* _BRIEF_: Setting aside any pictures, reproduce the data exactly.

* _RAW DATA_:
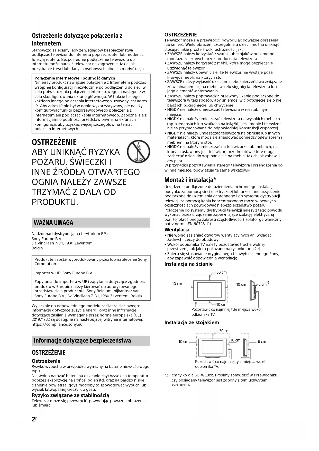 - Zaleca się stosowanie oryginalnego Uchwytu ściennego Sony, aby zapewnić odpowiednią wentylację. Instalacja na ścianie Instalacja ze stojakiem *2 1 cm tylko dla SU-WL8xx. Prosimy sprawdzić w Przewodniku, czy posiadany telewizor jest zgodny z tym uchwytem ściennym. Połączenie internetowe i poufność danych Niniejszy produkt nawiązuje połączenie z Internetem podczas wstępnej konfiguracji niezwłocznie po podłączeniu do sieci w celu potwierdzenia połączenia internetowego, a następnie w celu skonfigurowania ekranu głównego. W trakcie takiego i każdego innego połączenia internetowego używany jest adres IP. Aby adres IP nie był w ogóle wykorzystywany, nie należy konfigurować funkcji bezprzewodowego połączenia z Internetem ani podłączać kabla internetowego. Zapoznaj się z informacjami o poufności przedstawionymi na ekranach konfiguracji, aby uzyskać więcej szczegółów na temat połączeń internetowych. Produkt ten został wyprodukowany przez lub na zlecenie Sony Corporation. Importer w UE: Sony Europe B.V. Zapytania do importera w UE i zapytania dotyczące zgodności produktu w Europie należy kierować do autoryzowanego przedstawiciela producenta, Sony Belgium, bijkantoor van Sony Europe B.V., Da Vincilaan 7-D1, 1930 Zaventem, Belgia. 30 cm 10 cm 10 cm Pozostawić co najmniej tyle miejsca wokół odbiornika TV. 10 cm 2 cm
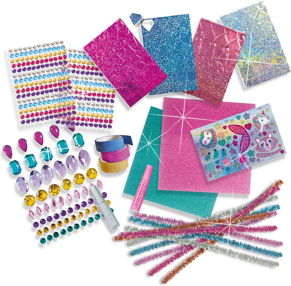 - Incluye más de 600 piezas para decorar: diamantes, brillitos, stickers y más.
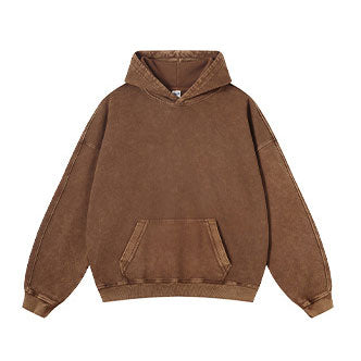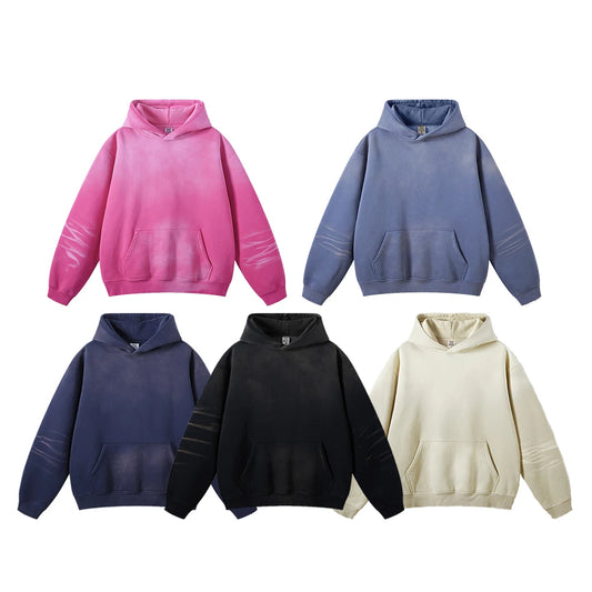Winter Heavyweight Cotton Unisex Oversized Pullover Hoodies Custom Vintage Washed Men Fleece Lining Sun Faded Hoodie
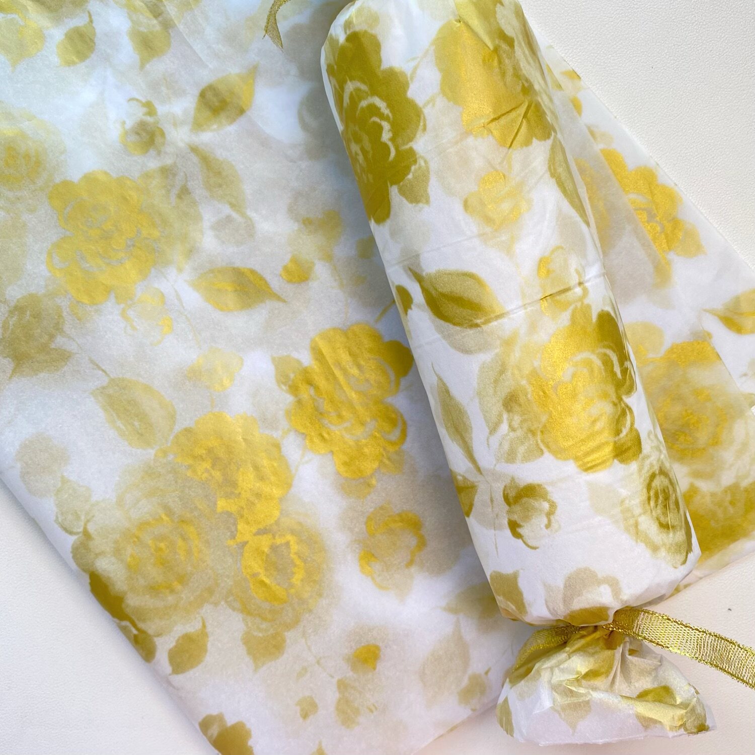 高级感金色玫瑰花雪梨纸礼物包装纸拷贝纸节日礼品服装包装纸17克

* _REPLY TO THE EXERCISE_:
 - Zaleca się stosowanie oryginalnego Uchwytu ściennego Sony, aby zapewnić odpowiednią wentylację. Instalacja na ścianie Instalacja ze stojakiem *2 1 cm tylko dla SU-WL8xx. Prosimy sprawdzić w Przewodniku, czy posiadany telewizor jest zgodny z tym uchwytem ściennym. Połączenie internetowe i poufność danych Niniejszy produkt nawiązuje połączenie z Internetem podczas wstępnej konfiguracji niezwłocznie po podłączeniu do sieci w celu potwierdzenia połączenia internetowego, a następnie w celu skonfigurowania ekranu głównego. W trakcie takiego i każdego innego połączenia internetowego używany jest adres IP. Aby adres IP nie był w ogóle wykorzystywany, nie należy konfigurować funkcji bezprzewodowego połączenia z Internetem ani podłączać kabla internetowego. Zapoznaj się z informacjami o poufności przedstawionymi na ekranach konfiguracji, aby uzyskać więcej szczegółów na temat połączeń internetowych. Produkt ten został wyprodukowany przez lub na zlecenie Sony Corporation. Importer w UE: Sony Europe B.V. Zapytania do importera w UE i zapytania dotyczące zgodności produktu w Europie należy kierować do autoryzowanego przedstawiciela producenta, Sony Belgium, bijkantoor van Sony Europe B.V., Da Vincilaan 7-D1, 1930 Zaventem, Belgia. 30 cm 10 cm 10 cm Pozostawić co najmniej tyle miejsca wokół odbiornika TV. 10 cm 2 cm
 - Incluye más de 600 piezas para decorar: diamantes, brillitos, stickers y más.
Winter Heavyweight Cotton Unisex Oversized Pullover Hoodies Custom Vintage Washed Men Fleece Lining Sun Faded Hoodie
 高级感金色玫瑰花雪梨纸礼物包装纸拷贝纸节日礼品服装包装纸17克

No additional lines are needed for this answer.